--- Input for this task ---
..........

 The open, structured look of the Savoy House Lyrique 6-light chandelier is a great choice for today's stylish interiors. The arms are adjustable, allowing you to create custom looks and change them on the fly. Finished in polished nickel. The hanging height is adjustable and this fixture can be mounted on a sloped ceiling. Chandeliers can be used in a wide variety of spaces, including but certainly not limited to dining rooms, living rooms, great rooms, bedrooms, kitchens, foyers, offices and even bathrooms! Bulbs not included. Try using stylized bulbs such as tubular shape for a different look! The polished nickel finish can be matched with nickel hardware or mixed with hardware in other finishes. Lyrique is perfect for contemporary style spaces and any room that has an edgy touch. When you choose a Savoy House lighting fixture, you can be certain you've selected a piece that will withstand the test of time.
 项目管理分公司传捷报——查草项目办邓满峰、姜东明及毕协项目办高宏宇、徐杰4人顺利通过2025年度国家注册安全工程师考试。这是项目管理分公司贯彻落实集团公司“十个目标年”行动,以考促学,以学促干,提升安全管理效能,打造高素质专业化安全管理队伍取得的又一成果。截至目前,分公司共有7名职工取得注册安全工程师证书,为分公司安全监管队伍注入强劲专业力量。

..........

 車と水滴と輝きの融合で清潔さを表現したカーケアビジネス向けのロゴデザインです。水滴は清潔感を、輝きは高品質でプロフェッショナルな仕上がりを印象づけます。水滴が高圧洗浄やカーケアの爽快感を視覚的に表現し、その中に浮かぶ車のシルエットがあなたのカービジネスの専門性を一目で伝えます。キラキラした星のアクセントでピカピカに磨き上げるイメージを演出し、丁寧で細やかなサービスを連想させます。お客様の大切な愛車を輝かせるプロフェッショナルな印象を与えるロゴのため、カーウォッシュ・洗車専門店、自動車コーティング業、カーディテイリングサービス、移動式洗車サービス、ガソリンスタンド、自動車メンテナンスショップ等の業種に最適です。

..........

--- What the exercise asks ---
Reproduce exactly the entries above, limited to the lines from the one with "The open, structured" through the one with "项目管理分公司传捷报——查草", both included.

--- Written answer ---
 The open, structured look of the Savoy House Lyrique 6-light chandelier is a great choice for today's stylish interiors. The arms are adjustable, allowing you to create custom looks and change them on the fly. Finished in polished nickel. The hanging height is adjustable and this fixture can be mounted on a sloped ceiling. Chandeliers can be used in a wide variety of spaces, including but certainly not limited to dining rooms, living rooms, great rooms, bedrooms, kitchens, foyers, offices and even bathrooms! Bulbs not included. Try using stylized bulbs such as tubular shape for a different look! The polished nickel finish can be matched with nickel hardware or mixed with hardware in other finishes. Lyrique is perfect for contemporary style spaces and any room that has an edgy touch. When you choose a Savoy House lighting fixture, you can be certain you've selected a piece that will withstand the test of time.
 项目管理分公司传捷报——查草项目办邓满峰、姜东明及毕协项目办高宏宇、徐杰4人顺利通过2025年度国家注册安全工程师考试。这是项目管理分公司贯彻落实集团公司“十个目标年”行动,以考促学,以学促干,提升安全管理效能,打造高素质专业化安全管理队伍取得的又一成果。截至目前,分公司共有7名职工取得注册安全工程师证书,为分公司安全监管队伍注入强劲专业力量。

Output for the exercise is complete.